The Department of Biomedical Data Science, Geisel School of Medicine at Dartmouth, Lebanon, NH.
Int J Cancer. 2016 Dec 15;139(12):2655-2670. doi: 10.1002/ijc.30288. Epub 2016 Sep 8.
Telomeres cap chromosome ends, protecting them from degradation, double-strand breaks, and end-to-end fusions. Telomeres are maintained by telomerase, a reverse transcriptase encoded by TERT, and an RNA template encoded by TERC. Loci in the TERT and adjoining CLPTM1L region are associated with risk of multiple cancers. We therefore investigated associations between variants in 22 telomere structure and maintenance gene regions and colorectal, breast, prostate, ovarian, and lung cancer risk. We performed subset-based meta-analyses of 204,993 directly-measured and imputed SNPs among 61,851 cancer cases and 74,457 controls of European descent. Independent associations for SNP minor alleles were identified using sequential conditional analysis (with gene-level p value cutoffs ≤3.08 × 10 ). Of the thirteen independent SNPs observed to be associated with cancer risk, novel findings were observed for seven loci. Across the DCLRE1B region, rs974494 and rs12144215 were inversely associated with prostate and lung cancers, and colorectal, breast, and prostate cancers, respectively. Across the TERC region, rs75316749 was positively associated with colorectal, breast, ovarian, and lung cancers. Across the DCLRE1B region, rs974404 and rs12144215 were inversely associated with prostate and lung cancers, and colorectal, breast, and prostate cancers, respectively. Near POT1, rs116895242 was inversely associated with colorectal, ovarian, and lung cancers, and RTEL1 rs34978822 was inversely associated with prostate and lung cancers. The complex association patterns in telomere-related genes across cancer types may provide insight into mechanisms through which telomere dysfunction in different tissues influences cancer risk.

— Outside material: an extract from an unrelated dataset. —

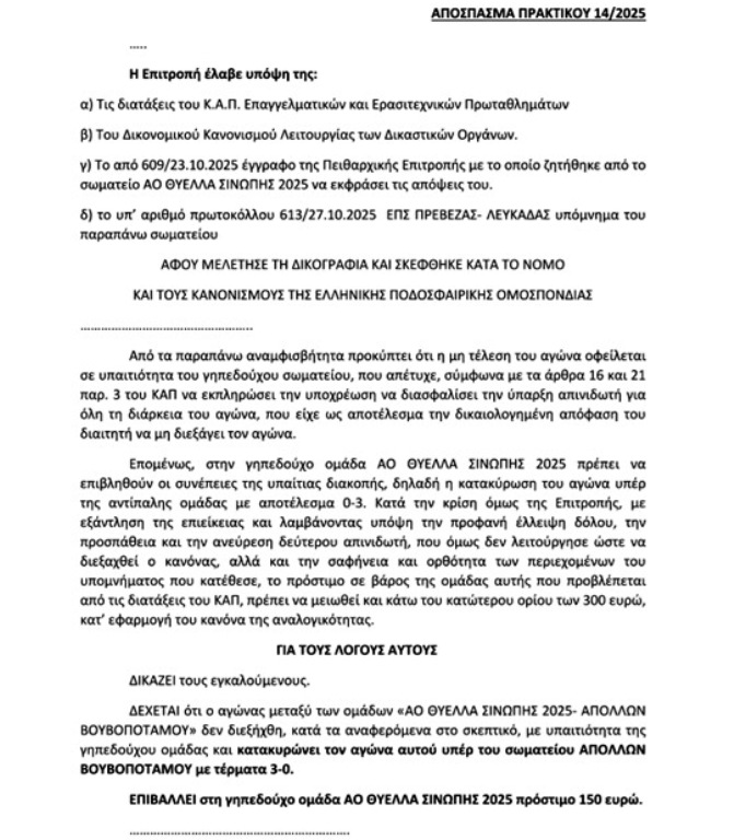 Ανακοινώθηκε από την Πειθαρχική Επιτροπή της ΕΠΣ Πρέβεζας-Λευκάδας το ποινολόγιο.

端粒覆盖染色体末端,保护它们免受降解、双链断裂和端对端融合的影响。端粒由端粒酶维持,端粒酶是一种由TERT编码的逆转录酶,以及一种由TERC编码的RNA模板。TERT和相邻的CLPTM1L区域中的基因座与多种癌症的风险相关。因此,我们研究了22个端粒结构和维持基因区域中的变异与结直肠癌、乳腺癌、前列腺癌、卵巢癌和肺癌风险之间的关联。我们对61851例癌症病例和74457例欧洲血统对照中的204993个直接测量和推断的单核苷酸多态性(SNP)进行了基于子集的荟萃分析。使用顺序条件分析(基因水平p值截止≤3.08×10)确定SNP次要等位基因的独立关联。在观察到的与癌症风险相关的13个独立SNP中,有7个基因座有新发现。在DCLRE1B区域,rs974494和rs12144215分别与前列腺癌和肺癌以及结直肠癌、乳腺癌和前列腺癌呈负相关。在TERC区域,rs75316749与结直肠癌、乳腺癌、卵巢癌和肺癌呈正相关。在DCLRE1B区域,rs974404和rs12144215分别与前列腺癌和肺癌以及结直肠癌、乳腺癌和前列腺癌呈负相关。在POT1附近,rs116895242与结直肠癌、卵巢癌和肺癌呈负相关,而RTEL1 rs34978822与前列腺癌和肺癌呈负相关。跨癌症类型的端粒相关基因中的复杂关联模式可能为不同组织中端粒功能障碍影响癌症风险的机制提供见解。